═══ Dataset content

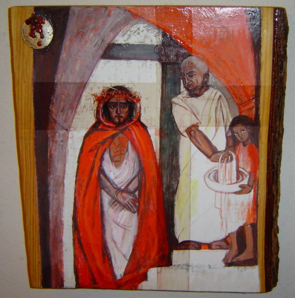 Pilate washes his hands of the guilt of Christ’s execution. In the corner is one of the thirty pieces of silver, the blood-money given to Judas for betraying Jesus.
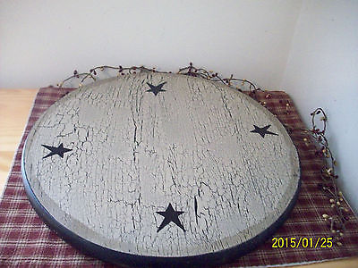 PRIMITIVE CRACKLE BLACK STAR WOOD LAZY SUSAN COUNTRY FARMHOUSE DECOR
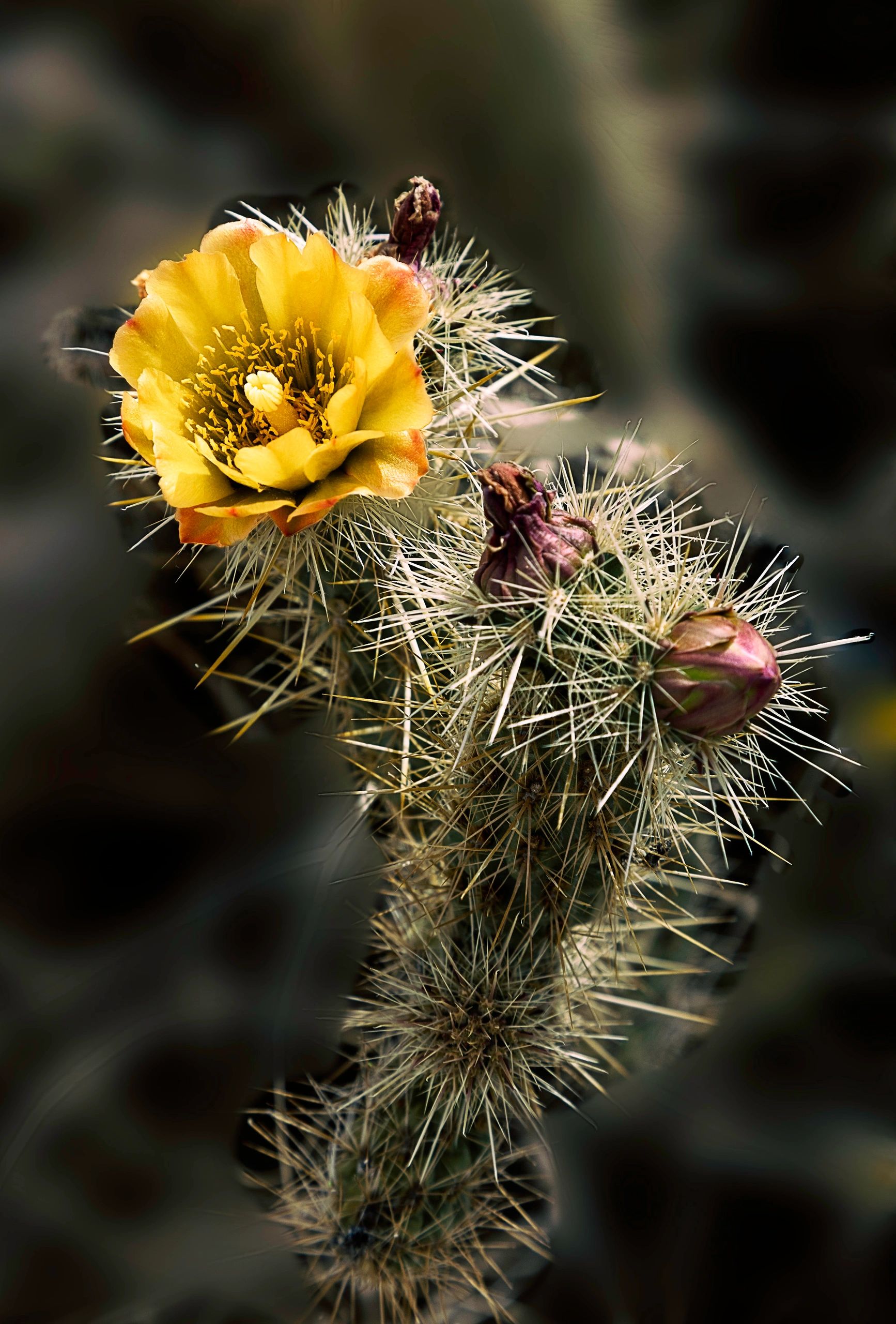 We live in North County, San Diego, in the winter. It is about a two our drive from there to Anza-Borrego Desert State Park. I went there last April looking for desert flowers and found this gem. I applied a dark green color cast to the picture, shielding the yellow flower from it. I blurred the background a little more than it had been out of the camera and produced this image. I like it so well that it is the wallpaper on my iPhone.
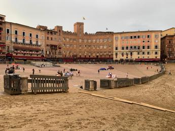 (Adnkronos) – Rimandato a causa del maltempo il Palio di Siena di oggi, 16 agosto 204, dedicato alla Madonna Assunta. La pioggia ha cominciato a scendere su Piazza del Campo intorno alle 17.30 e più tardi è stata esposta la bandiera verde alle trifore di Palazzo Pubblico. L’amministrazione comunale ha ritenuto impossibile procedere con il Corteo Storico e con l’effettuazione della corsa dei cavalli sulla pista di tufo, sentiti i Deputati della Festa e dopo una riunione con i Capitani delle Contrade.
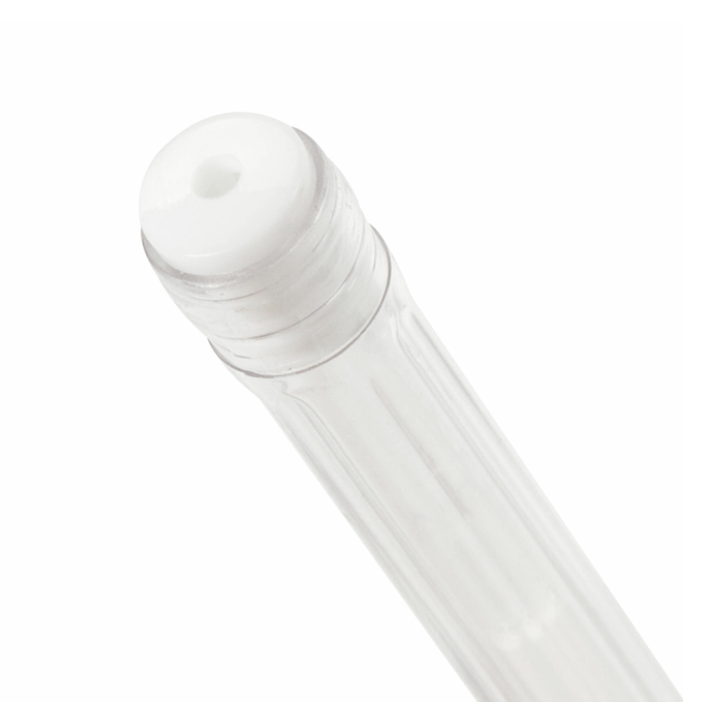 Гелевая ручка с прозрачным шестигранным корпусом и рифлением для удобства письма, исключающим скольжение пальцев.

══════
═══ Dataset content

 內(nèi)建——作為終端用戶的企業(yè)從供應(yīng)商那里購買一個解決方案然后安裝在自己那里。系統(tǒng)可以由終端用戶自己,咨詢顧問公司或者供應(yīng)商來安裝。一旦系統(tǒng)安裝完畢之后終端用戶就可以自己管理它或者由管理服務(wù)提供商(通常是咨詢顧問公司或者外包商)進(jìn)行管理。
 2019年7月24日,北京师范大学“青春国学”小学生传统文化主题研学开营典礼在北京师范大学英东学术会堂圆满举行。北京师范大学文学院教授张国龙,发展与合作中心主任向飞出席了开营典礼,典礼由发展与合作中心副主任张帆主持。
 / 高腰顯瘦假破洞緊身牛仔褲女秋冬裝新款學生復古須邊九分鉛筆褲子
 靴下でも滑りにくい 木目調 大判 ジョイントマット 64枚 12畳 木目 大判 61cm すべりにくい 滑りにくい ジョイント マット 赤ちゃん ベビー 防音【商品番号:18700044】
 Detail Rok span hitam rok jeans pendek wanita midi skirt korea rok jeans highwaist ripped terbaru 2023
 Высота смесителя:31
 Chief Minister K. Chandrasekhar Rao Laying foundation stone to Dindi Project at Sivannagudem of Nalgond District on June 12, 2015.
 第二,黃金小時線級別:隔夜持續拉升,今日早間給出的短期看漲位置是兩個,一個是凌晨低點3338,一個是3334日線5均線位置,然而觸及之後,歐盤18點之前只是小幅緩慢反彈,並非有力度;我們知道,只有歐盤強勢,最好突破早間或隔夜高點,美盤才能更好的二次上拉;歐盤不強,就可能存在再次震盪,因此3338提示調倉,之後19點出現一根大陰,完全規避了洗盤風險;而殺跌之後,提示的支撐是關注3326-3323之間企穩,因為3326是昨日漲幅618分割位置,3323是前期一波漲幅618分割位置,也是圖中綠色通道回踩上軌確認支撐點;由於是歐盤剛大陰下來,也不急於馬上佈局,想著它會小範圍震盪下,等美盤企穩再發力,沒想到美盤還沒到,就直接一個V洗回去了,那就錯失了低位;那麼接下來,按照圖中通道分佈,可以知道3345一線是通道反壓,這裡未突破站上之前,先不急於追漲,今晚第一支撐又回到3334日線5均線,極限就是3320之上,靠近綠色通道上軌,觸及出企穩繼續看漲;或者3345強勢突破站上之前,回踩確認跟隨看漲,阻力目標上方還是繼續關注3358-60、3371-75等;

══════

I'd like the lines above from the one with "靴下でも滑りにくい 木目調 大判" up to and including the one with "第二,黃金小時線級別:隔夜持" copied exactly, with no other lines.

§ **Response box**
 靴下でも滑りにくい 木目調 大判 ジョイントマット 64枚 12畳 木目 大判 61cm すべりにくい 滑りにくい ジョイント マット 赤ちゃん ベビー 防音【商品番号:18700044】
 Detail Rok span hitam rok jeans pendek wanita midi skirt korea rok jeans highwaist ripped terbaru 2023
 Высота смесителя:31
 Chief Minister K. Chandrasekhar Rao Laying foundation stone to Dindi Project at Sivannagudem of Nalgond District on June 12, 2015.
 第二,黃金小時線級別:隔夜持續拉升,今日早間給出的短期看漲位置是兩個,一個是凌晨低點3338,一個是3334日線5均線位置,然而觸及之後,歐盤18點之前只是小幅緩慢反彈,並非有力度;我們知道,只有歐盤強勢,最好突破早間或隔夜高點,美盤才能更好的二次上拉;歐盤不強,就可能存在再次震盪,因此3338提示調倉,之後19點出現一根大陰,完全規避了洗盤風險;而殺跌之後,提示的支撐是關注3326-3323之間企穩,因為3326是昨日漲幅618分割位置,3323是前期一波漲幅618分割位置,也是圖中綠色通道回踩上軌確認支撐點;由於是歐盤剛大陰下來,也不急於馬上佈局,想著它會小範圍震盪下,等美盤企穩再發力,沒想到美盤還沒到,就直接一個V洗回去了,那就錯失了低位;那麼接下來,按照圖中通道分佈,可以知道3345一線是通道反壓,這裡未突破站上之前,先不急於追漲,今晚第一支撐又回到3334日線5均線,極限就是3320之上,靠近綠色通道上軌,觸及出企穩繼續看漲;或者3345強勢突破站上之前,回踩確認跟隨看漲,阻力目標上方還是繼續關注3358-60、3371-75等;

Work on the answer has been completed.